New Apartments Approved for Halyard Park
Kalan Haywood's City Place project north of arena moves forward.
The Vangard Group got a key city approval today for their three-building, 90-unit apartment proposal. The three phase project, known as City Place, would be built on a city-owned lot. The site, located at the southern edge of the city’s Halyard Park neighborhood, has been vacant since 2000.
Vangard Group, led by Kalan Haywood, would develop a mix of market-rate and affordable housing on the site bounded by W. Vine St., N. 5th St., W. Walnut St. and N. 6th St. The entire project has an estimated cost of $17.5 million.
Phase one would include a four-story building with 51 units, 43 of which would be affordable housing built with low-income housing tax credits. Twelve of the units would be townhomes with private entrances. City documents note it has an estimated cost of $8.8 million.
The third and final phase of the project, would be a 3-story, 30-unit building built at the southeast corner of N. 6th St. and W. Vine St. The third phase carries an estimated cost of $7.5 million and would be entirely market-rate rental housing.
According to city documents, the entire project is expected to be completed by April 30th, 2021. The first phase is scheduled to get underway this year.
The project is being designed by Korb & Associates.
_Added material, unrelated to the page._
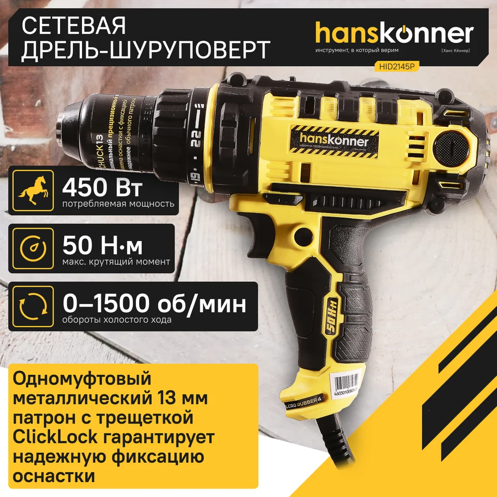 Купить Сетевая дрель-шуруповерт Hanskonner HID2145P по лучшей цене с доставкой - интернет магазин №1 в России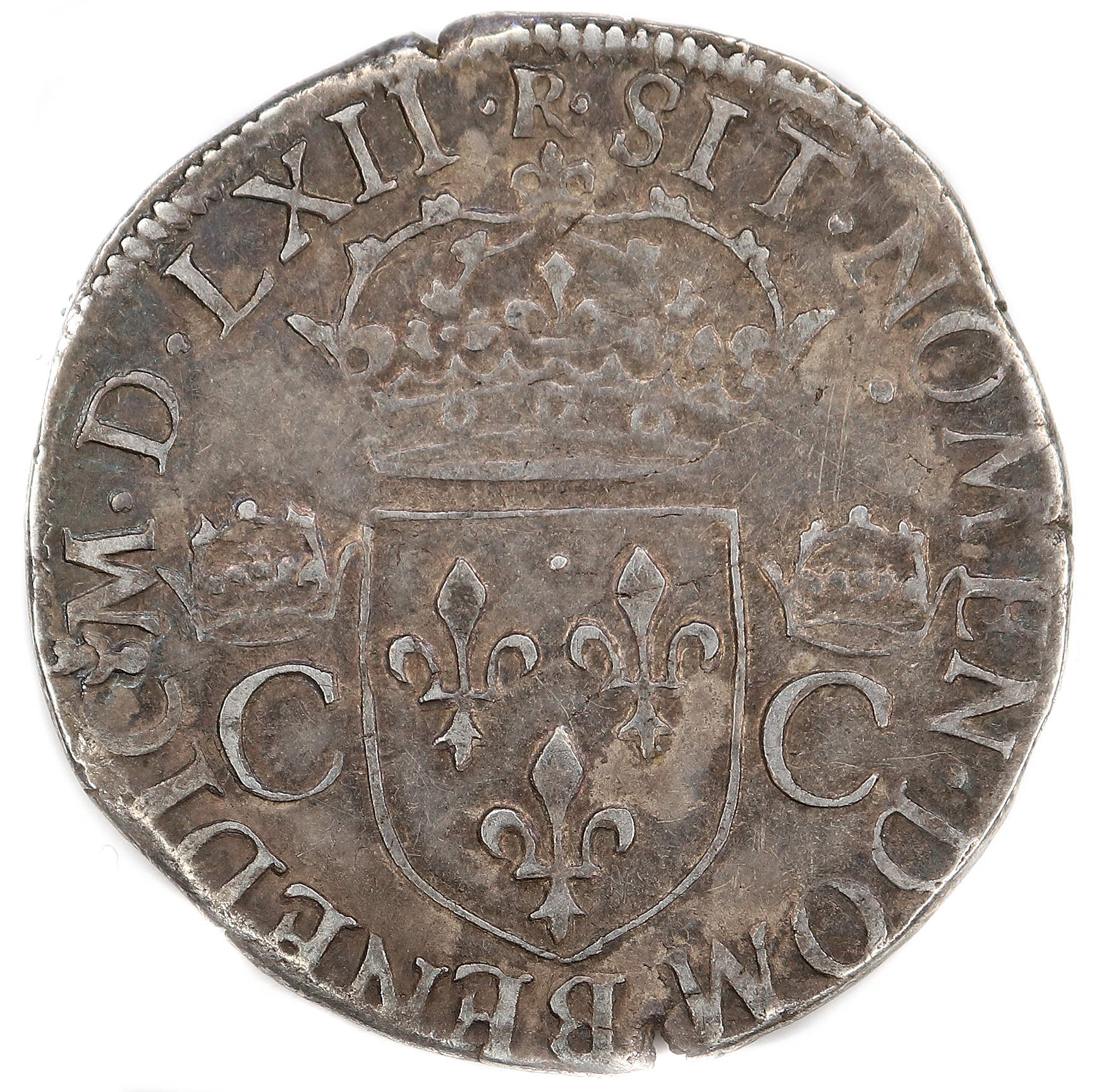 Lettre d'atelier : M (au droit sous le buste) Point secret : 5éme (au droit et au revers) Millésime : MDLXII Chiffre de frappe connu : 351 823 ex. (avec 1/2 testons) Indice de rareté : Commun |

Korb previously worked with Vangard on the Ingram Place Apartments and the conversion of the historic Germania Building from office space to apartments.
The 1.48 acre lot is really a collection of 19 lots that Vangard and co-developer Cardinal Capital Management will acquire from the Redevelopment Authority of the City of Milwaukee. The site was formerly all single-family homes that the city began demolishing in the 1970’s according to project architect Jason Korb.
The project drew praise from area alderwoman Milele A. Coggs. Coggs stated “I do want to commend Mr. Haywood for working with the neighborhood because this wasn’t the original design. There were concerns about tax credit projects in the area because they are plentiful in the district.”
Haywood stated that the neighbors wanted a project like Germania Building. He told the committee that when he inquired more about what they meant he found that they didn’t mind the high density, and in fact would have supported a taller building, but wanted a project closer to half low-income housing units. That’s in effect what Haywood is now proposing with 43 of the 90 units being set aside for those qualifying for rent assistance.
Because the developers are buying land from the city’s redevelopment authority they will be required to meet the city’s Residents Preference Program for 40 percent of the total worker hours on the project. RPP is a city-program aimed at creating jobs for unemployed or underemployed city residents. The developers will also need to hire city-certified Small Business Enterprises for 18 percent of the professional services costs and 25 percent of the construction and supply costs.
In exchange for the local hiring, Vangard and Cardinal Capital will be able to acquire the site in phases for $50,000.
The project was unanimously approved by the city’s Zoning, Neighborhoods & Development Committee. It will go before the full Milwaukee Common Council on June 20th.